● Work instructions: Pictures appear among the records below and must be omitted. Repeat exactly the lines from the line with "Some experts believe" to the line with "(αAz = 113,4°) |", both included.

(Source records)

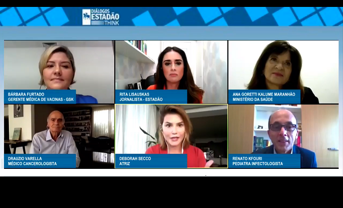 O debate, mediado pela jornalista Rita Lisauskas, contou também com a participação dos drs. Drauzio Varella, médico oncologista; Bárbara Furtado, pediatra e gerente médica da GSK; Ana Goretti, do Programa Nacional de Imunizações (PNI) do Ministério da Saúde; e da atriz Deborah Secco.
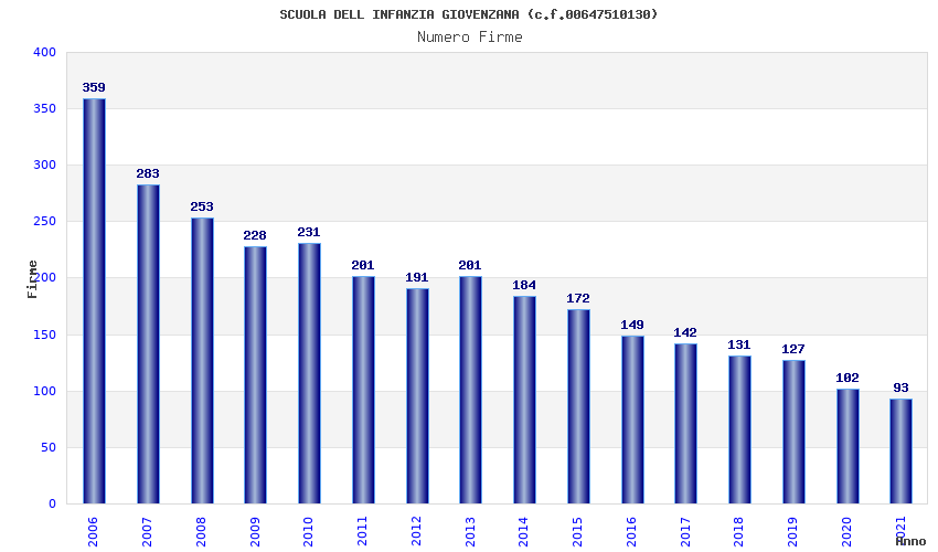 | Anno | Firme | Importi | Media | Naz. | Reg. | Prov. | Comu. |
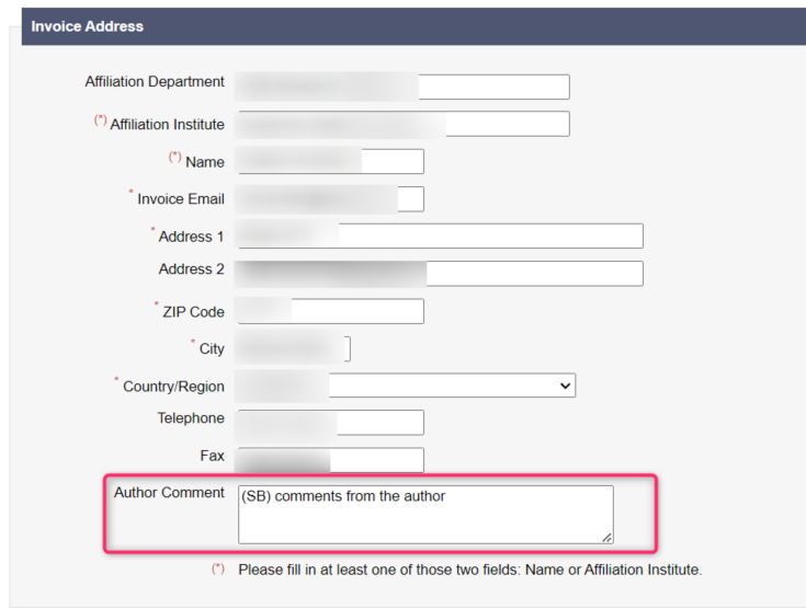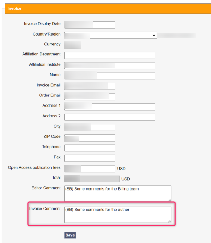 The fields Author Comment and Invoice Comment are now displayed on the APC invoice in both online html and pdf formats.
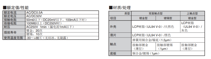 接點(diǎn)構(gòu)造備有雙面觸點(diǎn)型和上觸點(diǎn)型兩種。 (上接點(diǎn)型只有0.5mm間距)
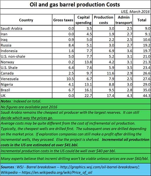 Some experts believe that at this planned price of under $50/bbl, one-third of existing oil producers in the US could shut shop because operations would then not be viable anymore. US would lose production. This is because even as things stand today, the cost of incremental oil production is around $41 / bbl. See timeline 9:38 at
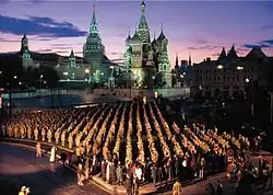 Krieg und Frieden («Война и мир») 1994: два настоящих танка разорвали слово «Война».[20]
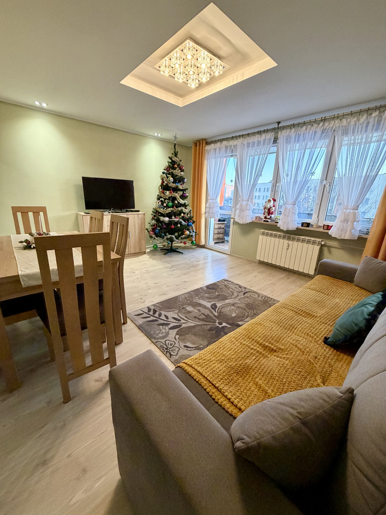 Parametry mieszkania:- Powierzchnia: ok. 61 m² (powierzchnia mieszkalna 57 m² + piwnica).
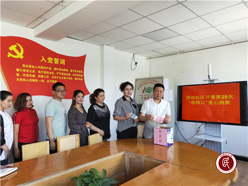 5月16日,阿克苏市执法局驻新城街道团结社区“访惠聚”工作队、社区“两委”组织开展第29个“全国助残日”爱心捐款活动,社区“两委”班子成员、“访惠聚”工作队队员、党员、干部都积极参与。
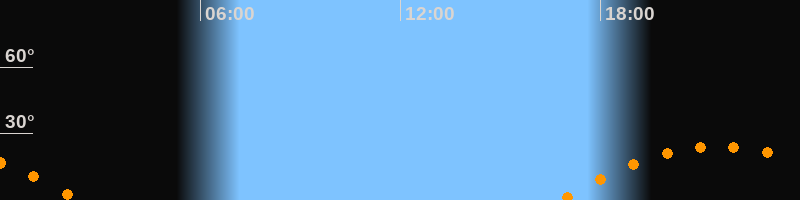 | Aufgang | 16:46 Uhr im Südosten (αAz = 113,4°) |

(End Source records)
(Source records)

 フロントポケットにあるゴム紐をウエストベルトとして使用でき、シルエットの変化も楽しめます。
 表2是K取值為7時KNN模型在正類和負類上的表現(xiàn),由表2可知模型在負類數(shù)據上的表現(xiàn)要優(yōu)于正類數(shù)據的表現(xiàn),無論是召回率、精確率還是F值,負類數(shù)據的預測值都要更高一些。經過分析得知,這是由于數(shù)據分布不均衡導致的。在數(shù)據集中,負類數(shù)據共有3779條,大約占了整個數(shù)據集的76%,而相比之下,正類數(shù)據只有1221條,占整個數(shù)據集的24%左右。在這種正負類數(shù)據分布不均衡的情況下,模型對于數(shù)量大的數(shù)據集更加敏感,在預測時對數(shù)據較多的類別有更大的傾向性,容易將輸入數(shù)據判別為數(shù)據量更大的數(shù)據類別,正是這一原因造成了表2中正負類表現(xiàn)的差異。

(End Source records)

● Answer section:
 Some experts believe that at this planned price of under $50/bbl, one-third of existing oil producers in the US could shut shop because operations would then not be viable anymore. US would lose production. This is because even as things stand today, the cost of incremental oil production is around $41 / bbl. See timeline 9:38 at
 Krieg und Frieden («Война и мир») 1994: два настоящих танка разорвали слово «Война».[20]
 Parametry mieszkania:- Powierzchnia: ok. 61 m² (powierzchnia mieszkalna 57 m² + piwnica).
 5月16日,阿克苏市执法局驻新城街道团结社区“访惠聚”工作队、社区“两委”组织开展第29个“全国助残日”爱心捐款活动,社区“两委”班子成员、“访惠聚”工作队队员、党员、干部都积极参与。
 | Aufgang | 16:46 Uhr im Südosten (αAz = 113,4°) |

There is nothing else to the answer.